Due miracoli sono stati invece annunciati da Galgano quando era ancora in vita, ma sono avvenuti poco dopo il decesso di lui.
Il primo riguarda il figlio di un altro Girardino, detto di Bindo – o di Brando, secondo un altro documento – anche lui chiusdinese come Giovanni, un ragazzo che in alcune antichissime fonti è detto chiamarsi Landutus, in italiano forse Landotto, e che aveva le gambe e le braccia contratte (si indicavano nel Medioevo con questo termine le patologie riconducibili alla paralisi, all’artrosi, alla poliomielite, alla spasticità).

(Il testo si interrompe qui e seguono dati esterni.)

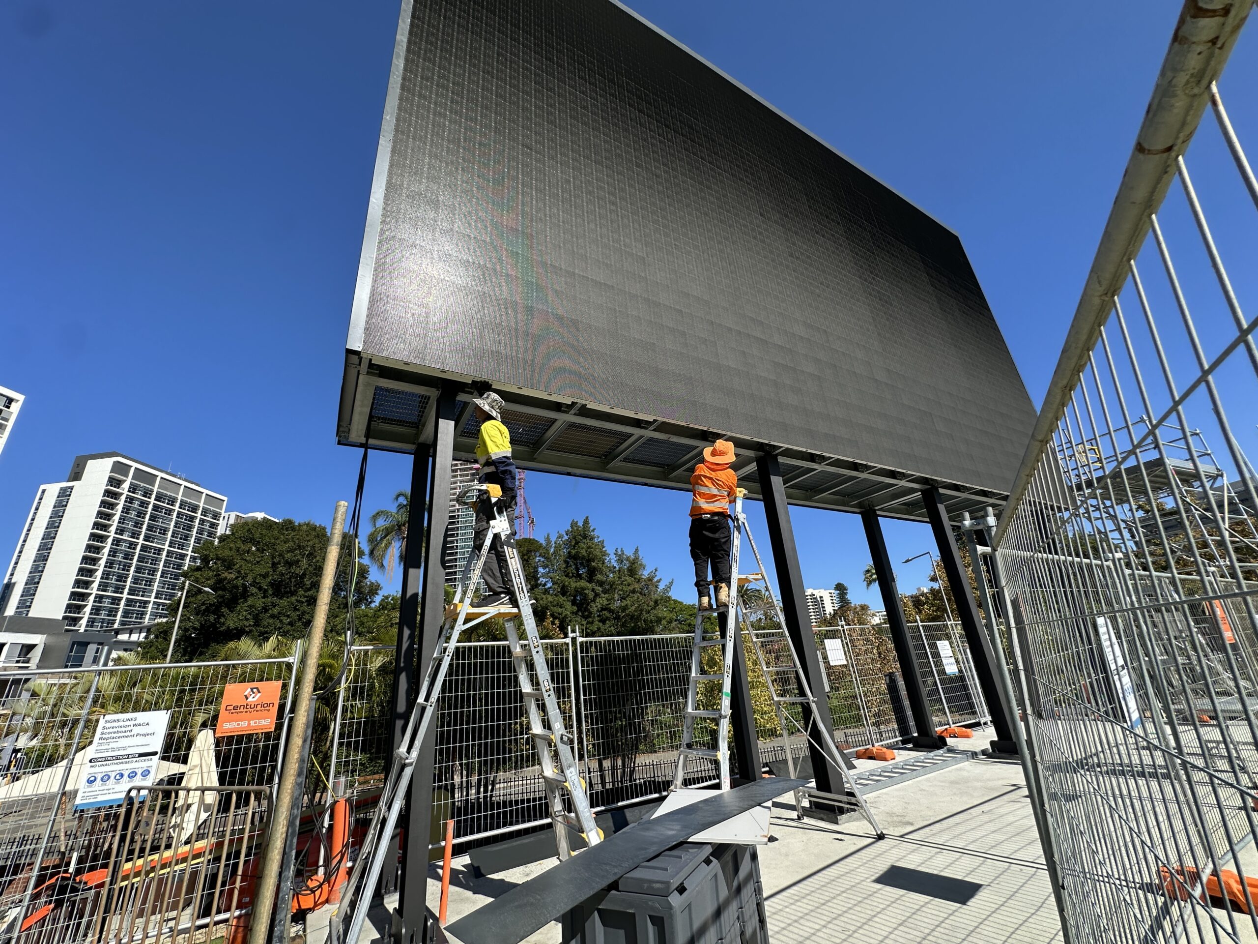 Also part of the site crew, Phil and JR were on ladders completing the finishing touches to the impressive Surevision 14-metre-wide digital videoboard, also at the WACA. This massive display is 14 metres wide and a centrepiece of the venue’s ongoing redevelopment. It’s a great example of the large-scale digital signage solutions delivered by the Yap!digital team.

Il povero Girardino si recò piano di speranza da Galgano, il quale “dopo una breve attesa gli disse: Figlio, abbi fiducia nel Signore, tuo figlio sarà guarito ed ancora lavorerà con le sue mani”.
Qui debbono notarsi due cose: la prima è che il Santo invitò Girardino ad avere fiducia nel Signore, la seconda che assicurò che il miracolo sarebbe avvenuto ma non subito.
Perché?
Credo che Galgano abbia voluto capovolgere la mentalità di chi credeva che la funzione degli uomini di Dio fosse quella di risanare e non di richiamare con il loro esempio ad una conversione autentica e durevole, e soprattutto che abbia voluto ribadire che il potere taumaturgico che gli veniva attribuito non trovava origine in una sua particolare facoltà umana ma era un dono di Dio, subordinato all’abbandono fiducioso del richiedente alla misericordia di Dio.
Landotto infatti ottenne la desiderata guarigione, ma soltanto dopo la morte del Santo: avuta notizia che Galgano era deceduto, Girardino pose il figlio su di un asino e si recò a Montesiepi. La giuntò, aiutò il figlio a scendere dicendogli di provare ad andare con le sue gambe fino alla tomba del santo. Il ragazzo allora ad tumulum laetus accessit, si avvicinò lieto al sepolcro e letior, ancor più lieto cioè, per l’avvenuto miracolo, domum suam est reversus, se ne tornò a casa propria.
Il secondo miracolo annunciato da Galgano ma non compiuto immediatamente, bensì dopo la sua morte, è descritto da Isacco e Strinato, due eremiti che forse avevano già vissuto insieme al Santo sul Montesiepi e che ancora vi risiedevano durante l’indagine relativa alla santità di lui, sacerdos, sacerdote, il primo, e conversus, converso – cioè che pur vestendo l’abito monastico non aveva formulato i voti religiosi – il secondo. Essi testimoniarono che Galgano aveva ricevuto nella sua capanna una tale Sibilia civis Massana, Sibilia o forse Sibilla, della città di Massa Marittima, una povera donna che era oggetto di una possessione demoniaca già da sette anni e che l’avrebbe assicurata delle sue preghiere. Forse fu in seguito a quest’incontro, che la povera donna vovit se Deo et sancto Galgano, si votò a Dio e a San Galgano, che se fosse stata liberata, toto tempore vitae suae assumeret habitum heremitarum, per tutto il tempo della sua vita, avrebbe assunto l’abito degli eremiti.
L’efficacia delle orazioni di Galgano fu constatata otto mesi dopo questo incontro, quando lui era già morto: liberata dalla vessazione del demonio, Sibilla adempì il voto che aveva fatto, vestì l’abito degli eremiti e, secondo il costume dell’epoca, che sconsigliava alle donne di vivere in luoghi isolati, condusse un’esistenza da eremita in casa propria per tutto il resto della sua vita.